Alla luce della relazione tecnica che invita ad eseguire sondaggi geognostici nelle zone associate a criticità ambientali, ho chiesto al ministro Roberto Cingolani se intenda avviare nuovi controlli, anche attraverso il coinvolgimento del Sistema Nazionale di Protezione Ambientale, dandone comunicazione ai NOE, promuovendo una fattiva interlocuzione con la Regione Puglia, attraverso l’attivazione di un tavolo di confronto che possa avvalersi delle competenze tecniche del Ministero”.

Lo dichiara il deputato pugliese Giuseppe L’Abbate (M5S) che ha depositato alla Camera una interrogazione indirizzata al Ministero della Transizione ecologica in seguito delle novità emerse nelle ultime settimane.

“Al ministro Cingolani ho ricordato la risposta alle quattro interrogazioni da me presentate durante la scorsa Legislatura nonché il riscontro all’ultimo atto depositato dalla collega Patty L’Abbate in Senato – continua – dove l’allora sottosegretario all’Ambiente Morassut, nell’ottobre 2019, rese nota la volontà della Regione Puglia di effettuare ulteriori analisi scientifiche all’esito del procedimento giudiziario che ha interessato la Martucci”.

“Mi chiedo, pertanto – prosegue Giuseppe L’Abbate (M5S) – come l’Amministrazione regionale possa sconfessare le sue stesse intenzioni e non procedere con ulteriori approfondimenti, come indicato nella relazione tecnica. Inoltre, è inconcepibile continuare ad includere nel Piano regionale di Gestione dei Rifiuti un sito che da oltre quarant’anni ne smaltisce e che è noto a tutti, da almeno otto anni, che presenta evidenti criticità ambientali.

Come risulta oggettivamente inconcepibile che una Amministrazione regionale, in continuità, non sia riuscita in questo lungo lasso di tempo a trovare una valida alternativa: è un compito che spetta loro da Costituzione”.

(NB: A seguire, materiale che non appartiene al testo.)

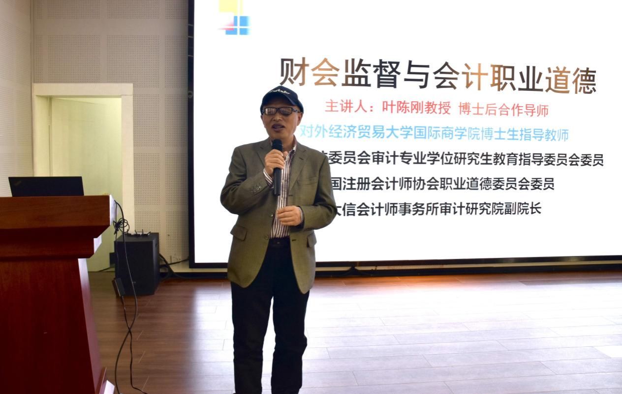 在讲座的后半部分叶陈刚重点强调了加强会计职业道德建设的必要性。他引用孔子的名言,阐述了“德治”在中国传统文化中的重要地位,并结合现代社会的实际情况,提出了会计人员应遵循的职业道德规范。叶教授还分享了自己在会计诚信体系建设方面的研究成果,为师生们提供了宝贵的参考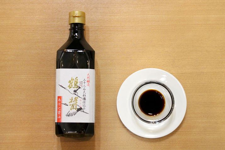 2年間熟成させて造った濃口しょうゆを塩水の代わりに使い、さらに2年間熟成させた、4年もの歳月をかけて造られるのが鶴醤です。旨味がとても濃厚ですが、口当たりがやさしく、深いコクとまろやかさを兼ね備えています。バニラアイスにかけてもおいしいです。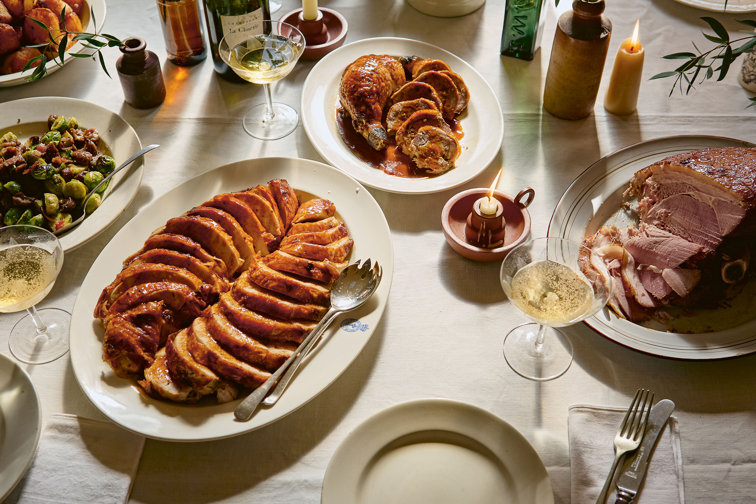As for the turkey, he has a cheffy confession: “I sous-vide my turkey.” It’s the one day of the year he uses the technique, he says, but this year he tested and wrote a failsafe roast recipe for home cooks. And his number one Christmas tip? “Make the gravy the day or even three days before. I know it’s obvious, but have as many things pre-prepared as possible, because for a lot of people, actually putting the turkey in the oven is quite a job.”
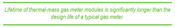 Recent developments have brought the cost of thermal-mass technology to the point where it has emerged as a very attractive solution for gas metering applications. Long-term field reliability studies indicate that the lifetime of thermal-mass gas meter modules is significantly longer than the design life of a typical gas meter.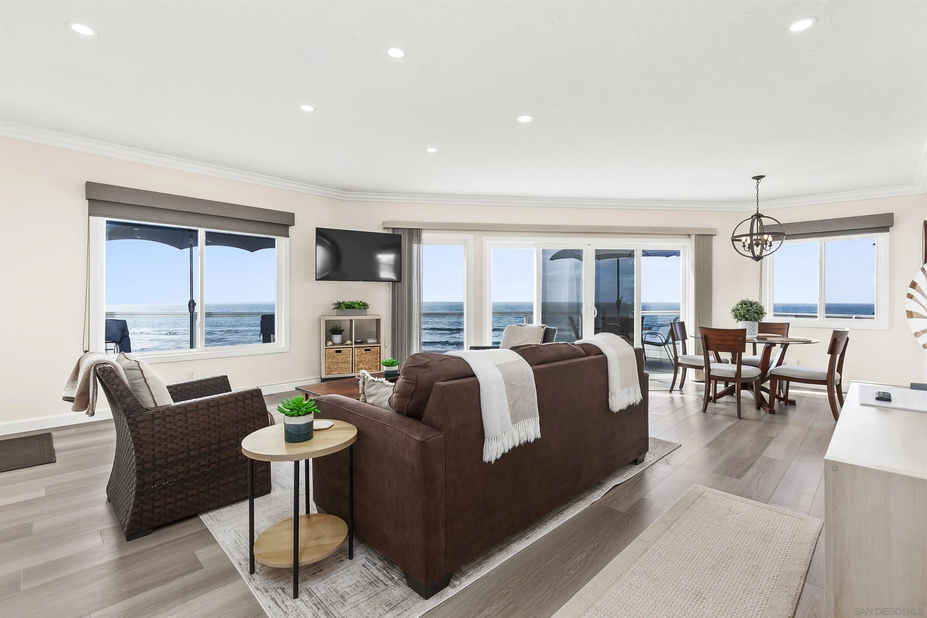 Rare true oceanfront income property in Sunset Cliffs with sweeping ~280° sit-down ocean views, exceptional privacy, and beautifully renovated, turn-key interiors. Includes four upgraded 2BR residences plus two well-finished bonus studio units, offering excellent flexibility and income potential. Renovations from 2020–2025 include quartz counters, stainless appliances, LVP flooring, updated baths, dual-pane windows, and cohesive coastal-modern finishes. Three residences perform strongly as VRBO short-term rentals, while the remaining units are month-to-month long-term rentals with significant upside. Additional highlights: rare 4-car garage, new garage doors, new staircases, and multiple ocean-facing decks/patios.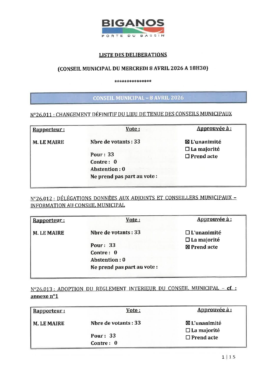 LISTE DES DELIBERATIONS CM DU 08.04.2026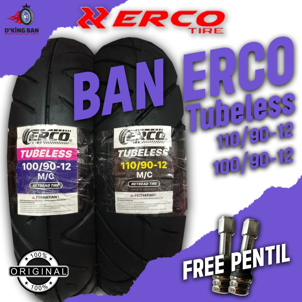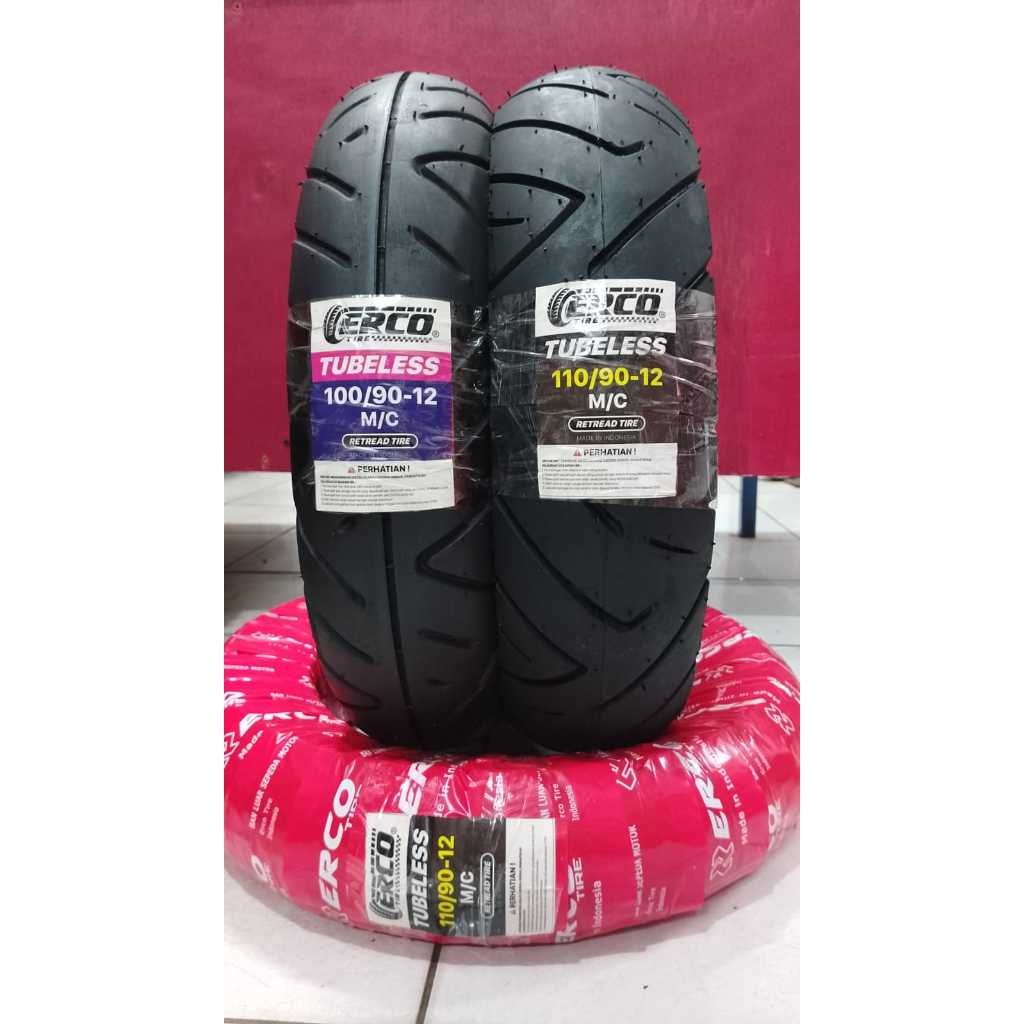 Sepaket Ban Motor Matic Erco Ring 12 Tubeless 100/90-12 Dan 110/90-12

“Nonostante ciò ho richiesto comunque al ministro Cingolani – aggiunge – di suggerire alla Regione Puglia un approccio differente e teso alla tutela ambientale del territorio, anche attraverso nuove indagini, anche alla luce delle ultime dichiarazioni rilasciate alla stampa da Domenico Lestingi, ex dipendente della società di gestione del sito e insignito del titolo di ‘Ambientalista dell’anno’ da Legambiente nel 2013 per il suo gesto eclatante che diede avviò all’indagine giudiziaria. Lestingi ha indicato con precisione i punti dove effettuare gli ulteriori approfondimenti”.

“Questo andrebbe fatto se si ha a cuore il territorio e la salute dei cittadini. Se le scelte saranno altre è evidente che si è mossi da interessi e prerogative differenti” conclude.